For the past year my team has been building and maintaining and application using CQRS with an Event Store as our persistence model. I started gathering requirements for this project last January and the team started development in February. We deployed the first version in June. The first version was the bare minimum the end users needed to stop using Excel for the database and manual process. After the initial deployment we continued to make further enhancements to put in the “Oops we really need this feature” to the application and usability enhancements to make it even more functional. We are still working on this application today. The business made a radical change in process and now were changing the application to meet the new needs of the business.

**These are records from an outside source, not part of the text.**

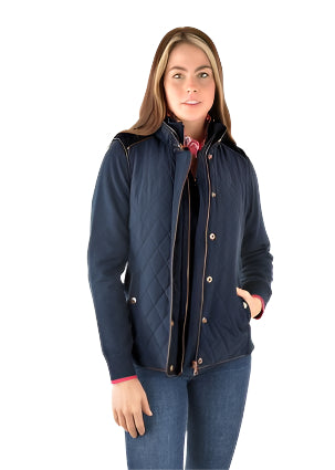 Water resistant fabric, diamond quilted, mock leather piped trim, rib inner collar and side panels for stretch and comfort, jersey lining, TC internal trims and pockets, premium zipper opening, welt pockets, horseman embroidery on chest
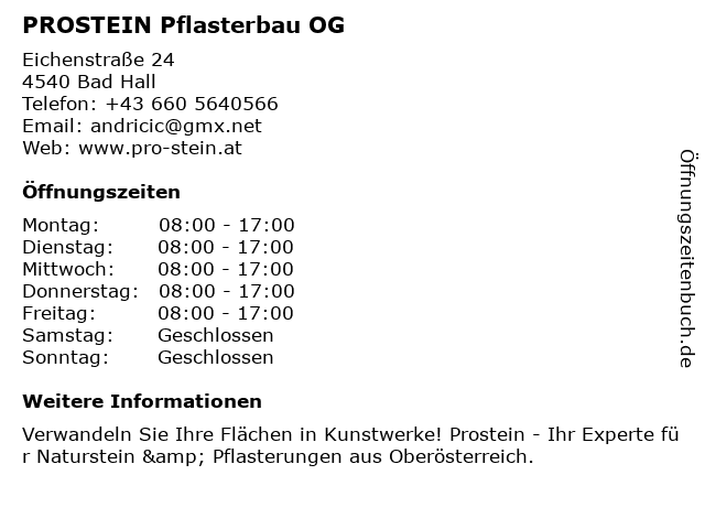 | Öffnungszeiten PROSTEIN Pflasterbau OG in Bad Hall anzeigen | |
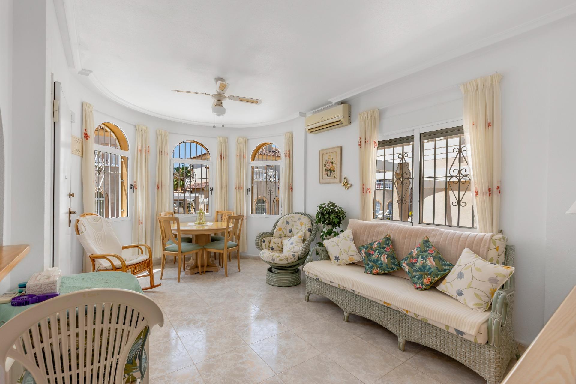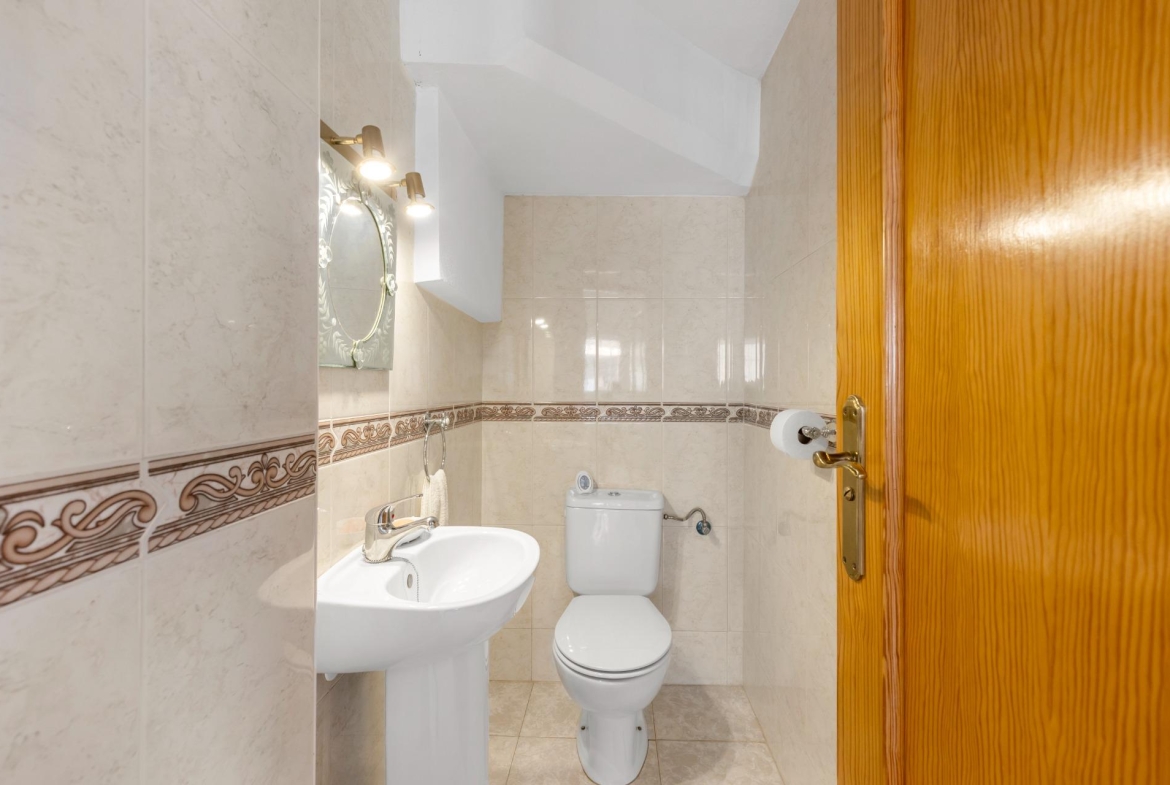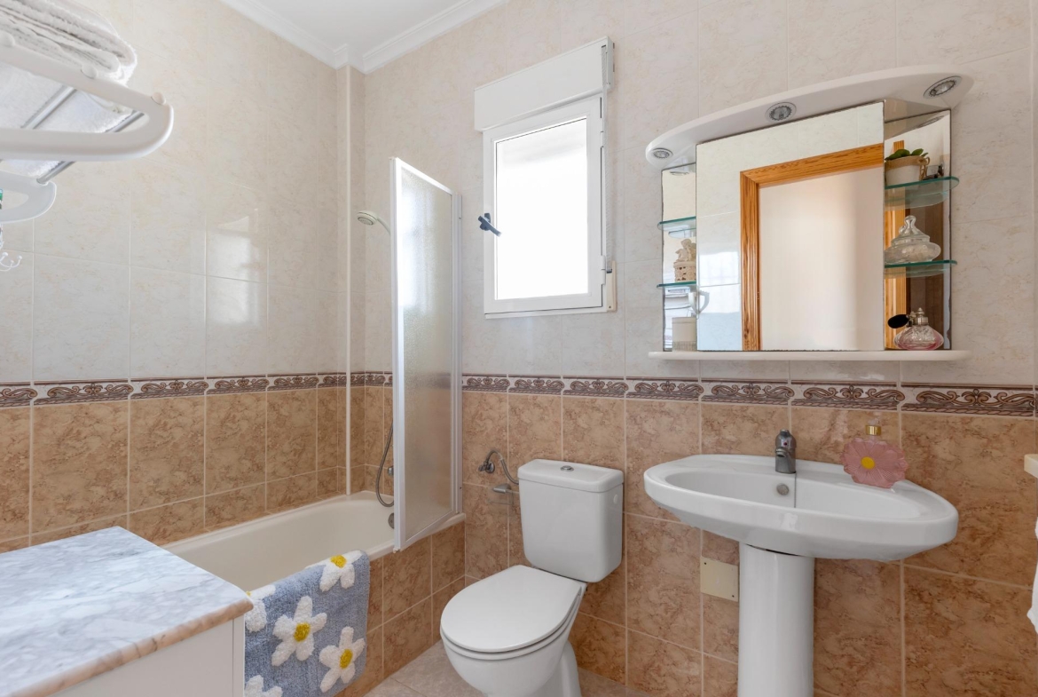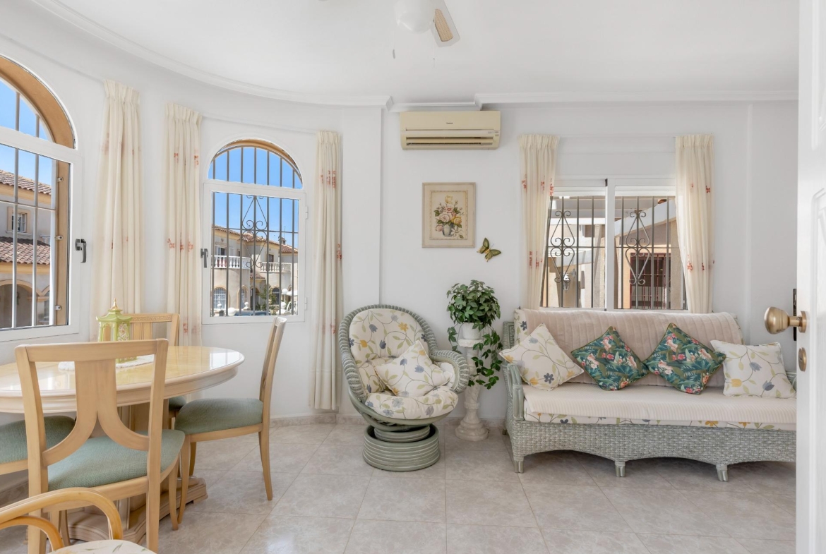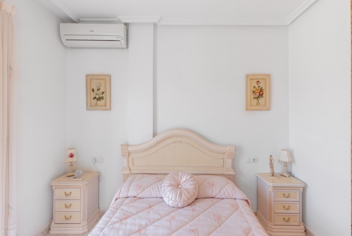 Te presentamos este encantador adosado situado en una de las zonas más cotizadas de Torrevieja: Aguas Nuevas. Con una superficie construida de 63 m² y una parcela de 82 m², esta propiedad destaca por su excelente estado de conservación y su orientación sur, que garantiza luz natural durante todo el día.~~La vivienda cuenta con 2 amplios dormitorios dobles, un baño completo y un aseo de cortesía, ideal para la comodidad de toda la familia. Disfruta de una acogedora terraza, un balcón soleado y un bonito jardín privado, perfecto para relajarse o compartir momentos al aire libre.~~Se vende completamente amueblada, por lo que está lista para entrar a vivir desde el primer día. Además, forma parte de una urbanización tranquila con piscina comunitaria, ideal para refrescarse en los días calurosos de verano.~~Extras incluidos: aire acondicionado, armarios empotrados, zonas ajardinadas, buena conexión con todos los servicios: supermercados, colegios, centros médicos, centros comerciales, transporte público, parques y zonas infantiles. Y todo esto a solo 2 km de las playas de Torrevieja.~~¡No dejes pasar esta oportunidad! Contacta con nosotros para descubrir cómo esta apasionante vivienda podría convertirse en tu nuevo hogar.~~¿Pensando en vender tu propiedad y adquirir este apartamento de ensueño? Nuestra agencia te ofrece una valoración gratuita, con más de 20 años de experiencia en el sector y los datos de ventas más actualizados. Te ayudaremos a conseguir una venta rápida y ventajosa, para que puedas comenzar a disfrutar de la vida que siempre has querido junto al mar.~~¡Contáctanos ahora y da el primer paso hacia tu nueva vida en la Costa Blanca!

Given our history with this application and the phases we’ve gone through (initial development, maintenance / enhancements, and complete change in process) I think it’s a good case study in the feasibility of using CQRS style applications. We’ve made some good decisions and some, err.., not so good decisions that I learned quite a bit from.

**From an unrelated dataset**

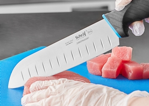 Part of a convenient HACCP colored cutlery line, this knife has a black / blue colored handle that allows it to stand out and makes it great for creating a color-coded system in your kitchen to prevent cross-contamination. Perfect for use in restaurant kitchens, delis, cafes, and culinary schools, this santoku knife is a great all-purpose knife that is best suited for slicing, dicing, and mincing. The granton edge style of the blade makes slicing more fluid by creating pockets of air between the blade and meat or vegetables, preventing sticking and allowing it to fall away after each cut.

A little about the Application
The application is the standard “enterprise workflow” application, where the end users work product goes through several stages and different people do different tasks in order to complete the work. These type of State-based, processes fit well with the CQRS model, as different events occur on the items in question, which determine what’s required and what action needs to take place. There were very few “CRUD” type screens, but there were a few.
My definition of CQRS
Separate models for reads and writes
I think my definition heavily influenced how we built this application. Notice there’s nothing there about messaging, MSMQ, distributed architecture, Event Sourcing, etc… We did use some of these technologies and architecture in this app, however they are not required for CQRS. It’s simply an acknowledgement that the write model looks and behaves differently from the read model. This simple acknowledgment can have profound impact on the way build your application and your ability to solve problems for your end users (and if you’re not doing that, well…)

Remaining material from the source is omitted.